However, the potential gains and benefits of multi-point backhaul come about primarily in ideal conditions that are very difficult to achieve in actual deployments.  The two distinct types of multi-point backhaul that need to be considered are unlicensed (sub-6 GHz) and licensed (24-42 GHz).

In the unlicensed bands, primarily 5.8 GHz is used for multi-point systems.  The benefit of this band for multi-point is that non line-of-sight connections are achievable, so that, in the right conditions, a large number of sites can be backhauled from a single hub site. However, there is limited spectrum in this band, typically <50 MHz, limiting the total capacity that would be available.  This limitation means the maximum available capacity would be about 400Mbps, and that would need to be split across multiple sites.  This capacity would decrease if there is interference in the band, or if line of sight blockage drives lower modulations to be utilized.  If 200Mbps is needed per site, then a maximum of two sites could be aggregated per sector, and in many cases it may only be a single site. 

The unlicensed nature of the 5.8GHz bands results in unpredictable link availability for each of the end sites, which may often not be suitable for mobile backhaul.  Lastly, the 5.8 GHz band is a TDD band. When this is combined with multi-point, and interference, delays can be 5-10ms, making it unsuitable for LTE backhaul.  These capacity, availability, and latency limitations are not evident in lab trials and can only be fully understood in a street level urban deployment, where interference, spectrum congestion and line-of-sight blockage are present.  Moreover, the limitations vary between deployments and cannot be anticipated.  In fact, they will change significantly throughout the life of a deployment, making the delivered service very unpredictable and unreliable.

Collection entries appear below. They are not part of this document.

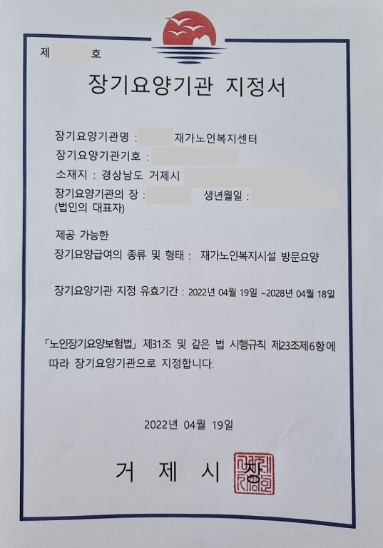 경상남도 거제시 방문요양 사업계획서 제출, 장기요양기관 지정심사 통과 완료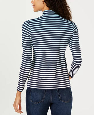 Charter Club Women's Striped Half Zip Top White Size Medium
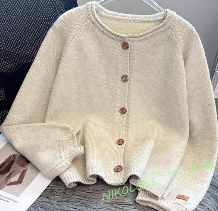 > 新品 ニット セーター カーディガン シンプル 暖かい ゆったり トップス チュニック 大人可愛 フリーサイズ ナチュラル 白色 3色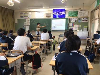 3年生の理科の授業の様子です。位置エネルギーと運動エネルギーについて学習していました。ジェットコースターを例にして考えていました。

In the licensed bands, typically from 24-42 GHz, many countries have area licenses available with a large amount of spectrum.  Due to the licensed nature, services deployed in these bands are much more predictable and have high availability.  Also, with the large amount of spectrum, higher capacity services are also feasible.  Although, as with all multi-point systems, when more end point sites are deployed, lower capacity per site is available.  If 100MHz were deployed on each site, 800Mbps-1 Gbps could be available for the sector, thus enabling up to 200 Mbps per site if five sites are on that sector.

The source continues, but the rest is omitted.